If it's "absolutely trivial" to show that LLMs don't have the capacity to form thought, then please publish a paper proving that. So all the "stupid" people studying LLMs that can't come up with such trivial proofs can move on to other stuff.

parpfish 3 years ago | | |

"I have a truly marvelous demonstration that LLMs don't have the capacity to form thought which this margin is too narrow to contain."

mjburgess 3 years ago | | |

You may wish to read the paper above. But if you want a quick proof:

1. A thought is a representation of a situation

2. A representation generates entailments of that situation

3. Language is many-to-one translation from these representations to symbols

4. Understanding language is reversing these symbols into thoughts (ie., reprs)

So,

5. If agent A understands sentence X then A forms the relevant representation of X.

6. If agent has a representation it can state entailments of S (eg., counter-facutals).

Now, split X into Xc = "canonical descriptions of S" and trivial permutations Xp.

(st. distribution of Xc,Xp is low, but the tokens of Xp are common)

Form entailments of X, say Y -- sentences that are cannonically implied by the truth of X.

7. If the LLM understood that X entails Y, it would be via constructing the repr S -- which entails S regardless of which sentence in X was used.

8. Train an LLM on Xc and it's accuracy on judging Y entailed by Xp is random.

9. Since using Xp sentences cause it to fail, it does not predict Y via S.

QED.

And we can say,

1. Appearing to judge Y entailed-by X is possible via simple sampling of (X, Y) in historical cases. 2. LLMs are just such a sampling.

so,

3. +Inference to the best explanation:

4. LLMs sample historical cases rather than form representations.

Incidentally, "sampling of historical cases" is already something we knew -- so this entire argument is basically unnecessary. And only necessary because PhDs have been turned into start-up hype men.

rytill 3 years ago | |

I don't think you really disproved anything. You're just saying another hypothesis. Often, LLMs produce impressive results on domains that aren't in the training set.

sgt101 3 years ago | | |

>LLMs produce impressive results on domains that aren't in the training set.

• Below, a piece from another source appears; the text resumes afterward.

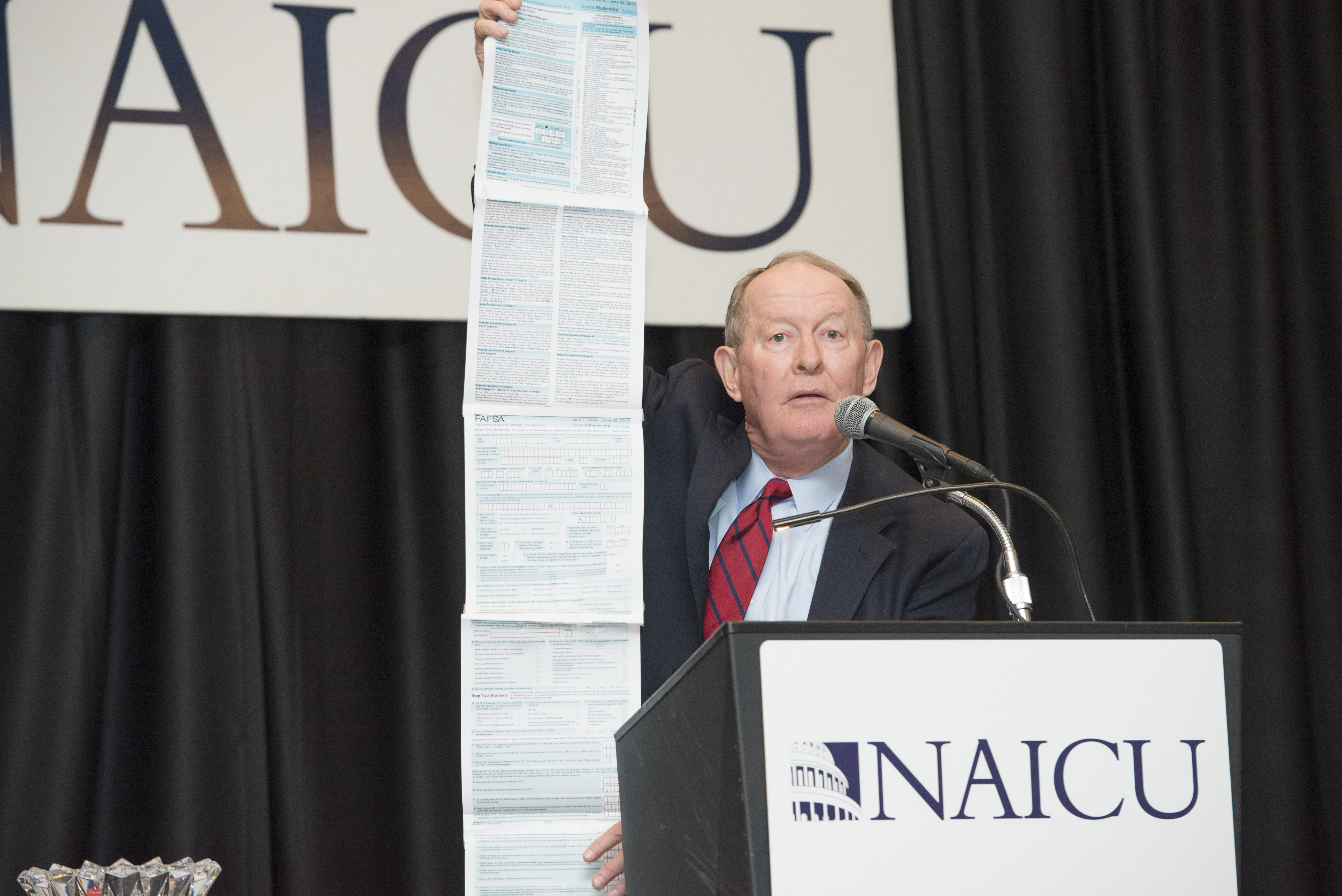 Sen. Alexander holds up 10 page application for simplified FAFSA, calls reform of higher regulations @ #naicu2014

How do we know? Who knows what they're trained on?

canjobear 3 years ago | |

> it's sampling from similar text which is distributed so-as-to-express a thought by some agent;

Your hypotheses 1 and 2 are not so different when you consider that the similarity function used to match text in the training data must be highly nontrivial. If it were not, then things like GPT-3 would have been possible a long time ago. As a concrete example, LLMs can do decent reasoning entirely in rot13; the relevant rot13'ed text is likely very rare in their training data. The fact that the similarity function can "see through" rot13 means that it can in principle include nontrivial computations.

TeMPOraL 3 years ago | |

> There's two hypotheses for how LLMs generate apparently "thought-expressing" outputs: Hyp1 -- it's sampling from similar text which is distributed so-as-to-express a thought by some agent; Hyp2 -- it has the capacity to form that thought.

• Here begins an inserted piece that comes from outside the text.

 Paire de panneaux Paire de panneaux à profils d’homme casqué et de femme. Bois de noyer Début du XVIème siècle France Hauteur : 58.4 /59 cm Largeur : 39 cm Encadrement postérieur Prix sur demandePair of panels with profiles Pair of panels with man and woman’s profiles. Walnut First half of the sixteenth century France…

There's also another hypothesis: Hyp3 -- that Hyp1 and Hyp2 converge as the LLM is scaled up (more training data, more dimensions in the latent space), and in the limit become equivalent.

mjburgess 3 years ago | | |

They're indistinguishable via naive measurement (prompting) if the LLM can sample from all possible data: there's a very large infinity of (Q, A, time) triples (ie., it's real-valued).

But it cannot, since most of those are in the future.

bryan0 3 years ago | |

Failing on "trivial alterations to the same underlying domain" is a not a disproof of thought.

Your argument also implies hyp1 and 2 are exclusive, clearly both can be true, and in fact must be true, unless you are claiming that you do not "sample" from similar language to express your own thoughts? Where does your language come from then, if not learning from previous experience?

anankaie 3 years ago | | |

While I agree with you on the relation of GP's Hyp1 and Hyp2, you are making an unfounded assumption of a sampling process being necessary to perform human speech. I do not believe we have the understanding of how thought is represented in the human brain to make that judgement. In other words, just because sampling from a distribution can produce human-like text does not mean that it is the only way to do that, and thus that it must be the way that humans produce text, spoken or written.

mirekrusin 3 years ago | |

"Trivial to show" as in it's trivial to show that addition on uint8 doesn't work ie. 250+250?

fiso64 3 years ago | |

Don't try to ham-fist scientific sounding wording into your (very unscientific) argument. This is not a disproof of anything because you failed to define what it means to have the ability to form rational thoughts. With a definition, you would then wanna prove this for humans as a sanity check: Do we never make stupid mistakes? Ok, we make fewer of those than LLMs. Then what is the threshold for accuracy after which you consider a system to be intelligent? Do all humans pass that threshold, or do kids or people with a lower than average IQ fail?

mjburgess 3 years ago | | |

This entire paper is written as a disproof of the distributional hypothesis. If you want to understand why it's a profoundly unhelpful pseudoscientific idea, this paper is a good start.

The test for a capacity C in a system1 has nothing to do with proxy measures of that capacity in system2.

The capacity for an oven to cook food may be measured by how much smoke it lets of when burning -- but no amount of "smoke" establishes that a dry ice machine can cook.

This type of "engineering thinking" is pseudoscience.

mdp2021 3 years ago | | |

> humans

There is intelligent thought and action, and there is unintelligent thought and action. Intelligent is that "which checked" (intus-legere); the other, the """impulsive""", is not.

mjburgess 3 years ago |

The level of understanding of the problem that this paper expresses is extraordianry in my reading of this field --- it's a genuinely amazing synthesis.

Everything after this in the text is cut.